The paradigm of using selected immune cells as a cancer treatment is very new. The customized therapy goes against the convention of identifying antitumor drugs that might be useful in many patients. Dr. Kammula describes this work as “a bit of a Manhattan Project” as he and his team explore ACT immunotherapy against different tumor types, develop a molecular understanding of the underlying mechanisms, and develop gene therapies and bioengineering approaches to improve adoptive immunotherapy. In February 2018, UPMC announced a $200 million investment in the UPMC Immune Transplant and Therapy Center. Through this initiative, UPMC will promote innovation by fostering novel treatment approaches that harness the body’s natural defenses to fight cancer, harmful diseases and infections. ACT is an outstanding example of life-changing medicine through immunotherapy at UPMC.

References

1 Crompton JG, Klemen N, Kammula US. Metastasectomy for Tumor-Infiltrating Lymphocytes: An Emerging Operative Indication in Surgical Oncology. Ann Surg Oncol. 2018; 25(2): 565-72.
2 Dafni U, Michielin O, Lluesma SM, Tsourti Z, Polydoropoulou V, Karlis D, et al. Efficacy of Adoptive Therapy With Tumor-infiltrating Lymphocytes and Recombinant Interleukin-2 in Advanced Cutaneous Melanoma: A Systematic Review and Meta-analysis. Ann Oncol. 2019.
3 Rothermel LD, Sabesan AC, Stephens DJ, Chandran SS, Paria BC, Srivastava AK, et al. Identification of an Immunogenic Subset of Metastatic Uveal Melanoma. Clin Cancer Res. 2016; 22(9): 2237-49.
4 Chandran SS, Somerville RPT, Yang JC, Sherry RM, Klebanoff CA, Goff SL, et al. Treatment of Metastatic Uveal Melanoma With Adoptive Transfer of Tumour-infiltrating Lymphocytes: A Single-centre, Two-stage, Single-arm, Phase 2 Study. Lancet Oncol. 2017; 18(6): 792-802.

Further Reading

Adoptive Transfer of Tumor Infiltrating Lymphocytes for Metastatic Uveal Melanoma. ClinicalTrials.gov identifier: NCT03467516. Primary Investigator: Udai Kammula. Sponsor: UPMC Hillman Cancer Center. 

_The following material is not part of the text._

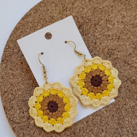 Korvikset on virkattu käsin 100% puuvillalangasta, kevyesti kovetettu.
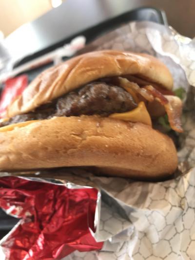 小さめのベーコンチーズバーガーとチリ(ポテトから変更)のセットを注文したが、ハンバーガーはボリューミー!でもパテはジューシーで脂っこくない。チリは辛くなく(辛くしたければ自分で入れる)トマトの風味がちょうど良い。

Adoptive Transfer of Tumor Infiltrating Lymphocytes for Biliary Tract Cancers. ClinicalTrials.gov identifier: NCT03801083. Primary Investigator: Udai Kammula. Sponsor: UPMC Hillman Cancer Center. 

Adoptive Transfer of Tumor Infiltrating Lymphocytes for Advanced Solid Cancers. ClinicalTrials.gov identifier: NCT03935893. Primary Investigator: Udai Kammula. Sponsor: UPMC Hillman Cancer Center.